News Analysis | October 4, 2011
President Obama’s jobs plan, currently on life support in Washington, DC, would either only provide funding for laid off public workers for less than one year or would cover three years’ worth of compensation for less than a third of the promised jobs, a MacIver News analysis found.
In a column in the Milwaukee Journal Sentinel and in subsequent remarks, including those made during a recent visit to Wisconsin’s largest city, US Department of Labor Secretary Hilda Solis said “The president’s jobs bill would give Wisconsin $536 million to reverse layoffs of up to 7,400 educators and first responders.”
According to her own figures, the Jobs bill would therefore provide $72,432.43 per job.
However, the average annual compensation for educators in Wisconsin is often much higher, for example, the current average annual compensation for a Milwaukee Public School System teacher is $101,091. Research conducted by PolitiFact noted that two years earlier, eight school districts in Milwaukee County had average teacher compensations in excess of $100,000 per year: Greendale, Greenfield, Shorewood, Cudahy, Fox Point, South Milwaukee, Franklin and Nicolet.

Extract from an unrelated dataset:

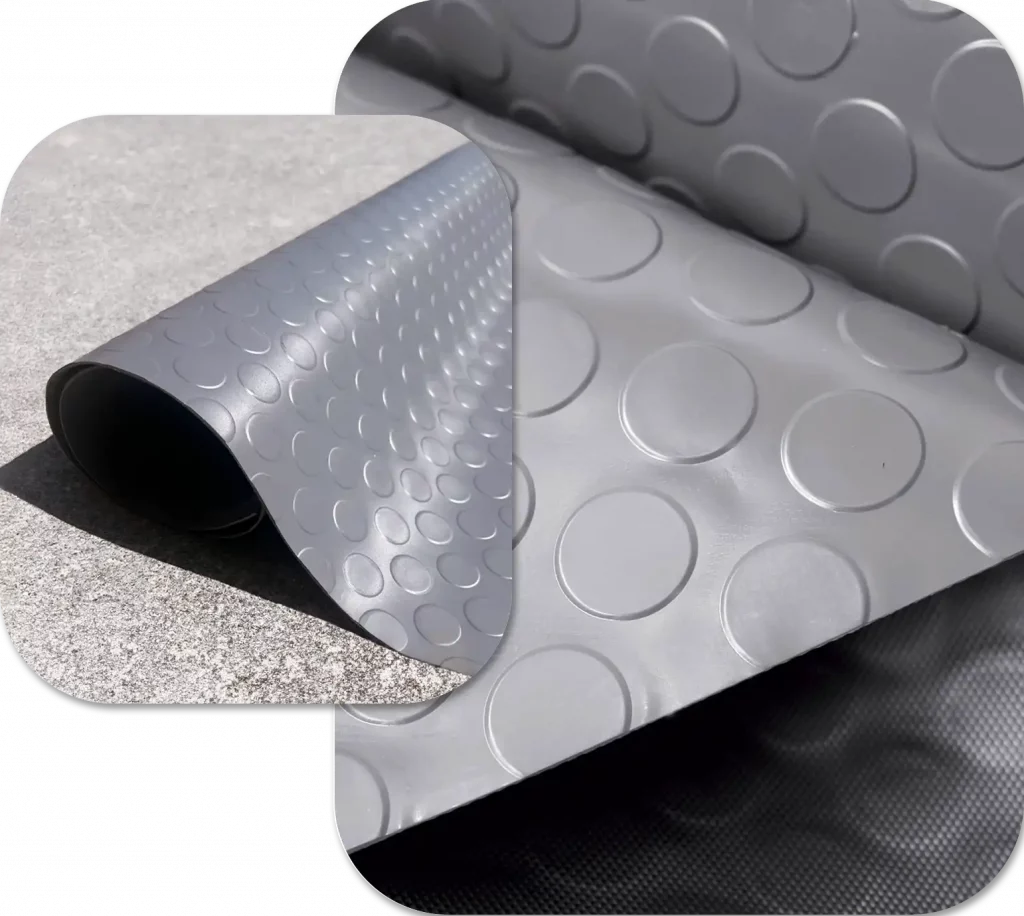The choice of two textures-bubbles or embossed sheet metal-enhances the non-slip effect, making it perfect not only as flooring for workshops, warehouses, and laboratories, but also as a non-slip bottom for shelves or worktops. The unalterable PVC material, resistant to liquids and external agents, makes it ideal for professional environments where quick cleaning and long life are required.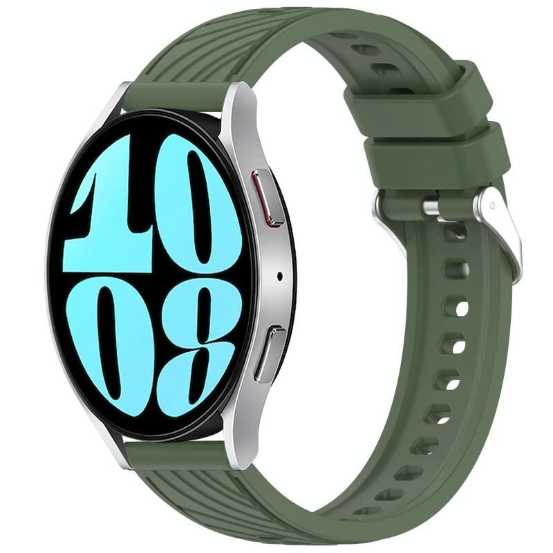 Για το Samsung Galaxy Watch 6 44 χιλιοστά λωρίδα υφή σιλικόνης 20 χιλιοστά ρολόι μπάντα (σκούρο πράσινο)

Statewide the average figure for public school teachers’ annual compensation for the 2009-2010 school year was $86,297.
However, as the Carolina Journal discovered, Sections 204-209 of the bill include “Maintenance of Effort” provisions requiring states to “meet the requirements” of the law for an additional two years. A White House spokeswoman told Carolina Journal that the bill includes no unfunded mandates. (The Carolina Journal is a project of the North Carolina based John Locke Foundation.)
Unless states pick up the funding for these jobs after the first year, it’s unclear how the teachers and first responders supported by the Obama Jobs plan could be paid. If the jobs bill is expected to cover all three years, then the total number of jobs ‘created or saved’ by the bill should be reduced by a factor of three, meaning for three years the bill could reverse the layoffs of 2,467 teachers and first responders.
Again, this figure does not account for the discrepancy in average compensation for teachers and the average salary allotment figured by the White House
Moreover, Milwaukee Public Schools issued more than 500 layoffs this year after unions there refused to reopen existing labor contracts that had been negotiated under the previous collective bargaining laws. Milwaukee, therefore, had by far the most layoffs of any district in the state, so it stands to reason that a disproportionate number of ‘saved’ public sector jobs would be in the more expensive MPS district.
In either case, the numbers provided by the Administration do not appear to add up.